Amen, brother. I was reminded of that Sunday, when I was pushed onto a Delta Co-Chair and w/out the benefit of my status ended up in the back of the bus in a middle seat. It was downright dreadful. Next to that, my first class flight tomorrow on Delta will be like a dream and Delta Biz Elite (which I've taken several times now) is near heaven.

With as often as I fly Delta, it's probably a good thing that I've never flown on the Asian airlines based on their reputation.


----------



## chrischeung (Sep 1, 2002)

eazy said:


> On American's new 777-300er they use the same business class seat as Cathay pacific.


I flew that bird March this year in business from LHR to DFW. A lot of hard plastics around the arm areas. If you're lying in bed, or sitting on your couch, you don't expect your arm to be hitting hard surfaces. Qantas First Class is much more well padded all around for example. I flew them in August.

The service on the AA flight was very poor, which my wife also agreed. What I really liked is the flexibility to eat when you want (in small print on the menus). My 5 year old dozed off on take off, and woke up when they were serving dessert. No problems getting him his main in short order (served after his sundae of course - no way he would have waited later for that).

Another major thing on planes, to me, is the noise of the engines. I'm a light sleeper.

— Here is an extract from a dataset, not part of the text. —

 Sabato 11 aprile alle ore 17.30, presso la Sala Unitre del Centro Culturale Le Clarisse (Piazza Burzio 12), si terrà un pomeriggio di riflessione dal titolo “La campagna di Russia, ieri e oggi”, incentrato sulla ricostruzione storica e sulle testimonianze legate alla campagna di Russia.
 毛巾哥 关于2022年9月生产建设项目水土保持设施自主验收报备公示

Even on the A380. It's noticeably quieter, but I would not describe it anywhere near as quiet. I had that unrealistic expectation though, since that has been professed widely.


----------



## lezam (Apr 24, 2013)

chrischeung said:


> Another major thing on planes, to me, is the noise of the engines. I'm a light sleeper. Even on the A380. It's noticeably quieter, but I would not describe it anywhere near as quiet. I had that unrealistic expectation though, since that has been professed widely.

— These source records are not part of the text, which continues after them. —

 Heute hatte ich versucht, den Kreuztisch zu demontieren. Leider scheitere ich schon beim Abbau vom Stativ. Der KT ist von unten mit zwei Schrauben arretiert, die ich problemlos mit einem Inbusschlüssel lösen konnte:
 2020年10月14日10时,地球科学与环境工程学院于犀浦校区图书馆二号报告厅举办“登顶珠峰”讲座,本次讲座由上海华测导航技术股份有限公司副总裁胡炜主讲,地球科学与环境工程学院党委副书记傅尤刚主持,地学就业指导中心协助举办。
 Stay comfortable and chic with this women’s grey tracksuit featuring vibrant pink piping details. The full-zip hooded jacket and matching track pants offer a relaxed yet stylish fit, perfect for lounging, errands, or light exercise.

Agreed the A380 is one of the quietest long range aircraft I've been on. I feel like jetlag is better on the A380 than a 747 too


----------



## JSpira (Oct 21, 2002)

eazy said:


> United also flys to Munich from Newark using the 767-400 which good plane to fly transatlantic in coach much better than the 757 they use to fly the Newark to Berlin route


Forgot about that flight! Thanks.


----------



## JSpira (Oct 21, 2002)

fishskis said:


> That being said, I swore off Delta a few years ago because of their atrocious tiered mileage program. Their availability for standard awards is virtually nonexistent, and their premium awards are double or triple the miles of its competitors.


For the record, I booked this flight as an award flight (round-trip JFK-MUC) and it was at the low award level, 100,000 miles.


----------



## JSpira (Oct 21, 2002)

lezam said:


> Agreed the A380 is one of the quietest long range aircraft I've been on. I feel like jetlag is better on the A380 than a 747 too


Having flown on both new planes (I presume you mean the 747-8), I have to admit I found them both pretty quiet. I seem to recall that AF had extra sound deadening material in first class so that could be one reason but my two recent trips in business on the 748 were great.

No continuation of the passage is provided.